To capture the contextual representation of medical time series, we apply semantic-preserving augmentations (Cheng et al., 2020; Kiyasseh et al., 2021; Yèche et al., 2021) in our CLUDA framework. We list the augmentations and their optimal hyperparameters (search range in parenthesis) below: History crop: We mask out a minimum 20 % (10 % -40 %) of the initial time series with 50 % (20 % -50 %) probability. History cutout: We mask out a random 15 % time-window (5 % -20 %) of time series with 50 % (20 % -70 %) probability. Channel dropout: We mask out each channel (i. e., type of measurement) independently with 10 % (5 % -30 %) probability. Gaussian noise: We apply Gaussian noise to each measurement independently with standard deviation of 0.1 (0.05 -0.2). We apply these augmentations sequentially to each time series twice. As a result, we have two semantic-preserving augmented views of the same time series for our CLUDA framework. Of note, we trained all the baseline methods with and without the augmentations of time series. We always report the their best results. We perform the activity prediction as a UDA task based on the benchmark datasets WISDM, HAR, and HHAR. For each dataset, we present the prediction results for 10 randomly selected source-target pairs. For each source-target pair, we repeat the experiments with 10 random initializations and report the mean values. Table 8 shows the accuracy on the target domains and average accuracy for each dataset. Similarly, Table 9 shows the Macro-F1 on the target domains and average Macro-F1 for each dataset. Overall, our CLUDA outperforms the UDA baselines by a large margin, as discussed in the main paper. Specifically, CLUDA achieves the best accuracy in 28 out of 30 UDA scenarios and the best Macro-F1 in 27 out of 30 UDA scenarios. Thereby, the results confirm the effectiveness of our method. 

E EMBEDDING VISUALIZATION

In this section, we provide the t-SNE visualization (see Fig. 10 ) for the embeddings of each method from HHAR dataset. When there is no domain adaptation (see Fig. 10a of w/o UDA), there is a significant domain shift between source and target. As a result, embeddings of one class in target domain overlap with embeddings of another class in source domain. Thereby, the classifier learned on the source domain cannot generalize well over the target domain. The UDA baselines mitigate the domain shift; however, they still mix several classes. On the other hand, our CLUDA clearly pulls the embeddings of the same class (even though they are in different domains), and facilitates better generalization in the target domain. 

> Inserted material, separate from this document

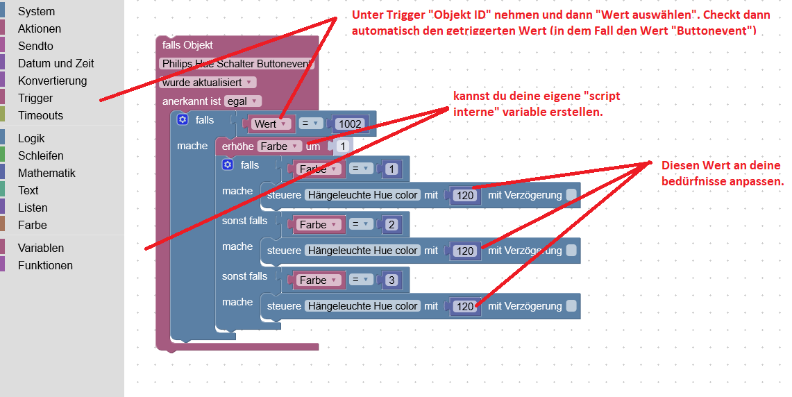 Damit erhöht er bei jedem Tastendruck (Buttonevent = 1002) den Wert "farbe um 1 und setzt somit automatisch den gewünschten Farbwert
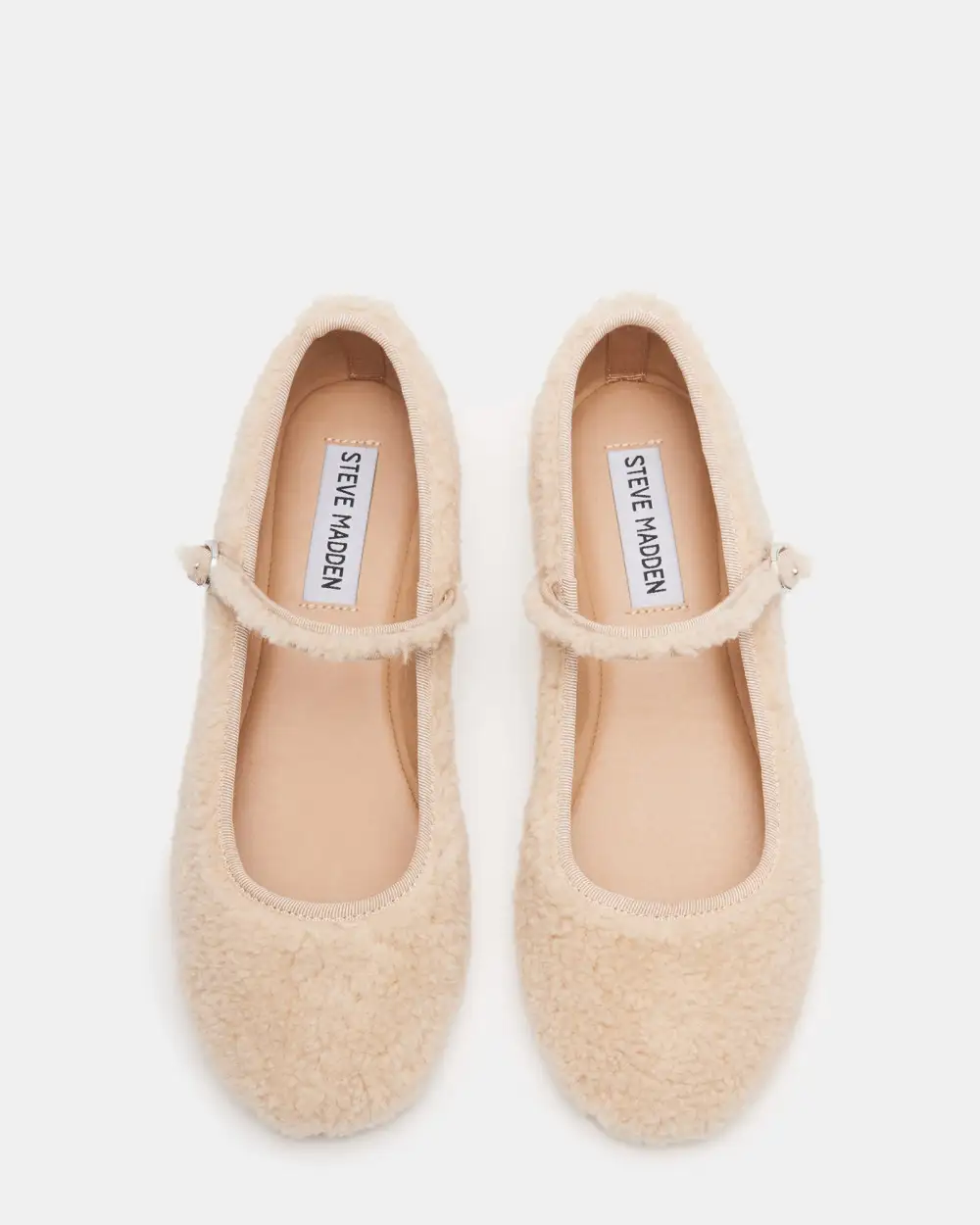 VINETTA is an easy and comfy design with a sole, a relaxed construction, and a slim buckle strap across the top. This faux shearling update adds a soft and fluffy texture to the look.

F ABLATION STUDY FOR UDA ON BENCHMARK DATASETS

We further conduct an ablation study on the benchmark datasets WISDM, HAR, and HHAR. We use the same variants of CLUDA from the main paper (see Sec. 6.1: w/o CL and w/o NNCL, w/o CL, w/o NNCL, and w/o Discriminator. Similar to the main experiments, for each dataset, we present the prediction results for 10 randomly selected source-target pairs. For each source-target pair, we repeat the experiments with 10 random initializations and report the mean values. Table 10 shows the accuracy on the target domains and average accuracy for each dataset. Similarly, Table 11 shows the Macro-F1 on the target domains and average Macro-F1 for each dataset. Overall, our complete CLUDA outperforms all its variants by a significant margin, which confirms our chosen architecture. 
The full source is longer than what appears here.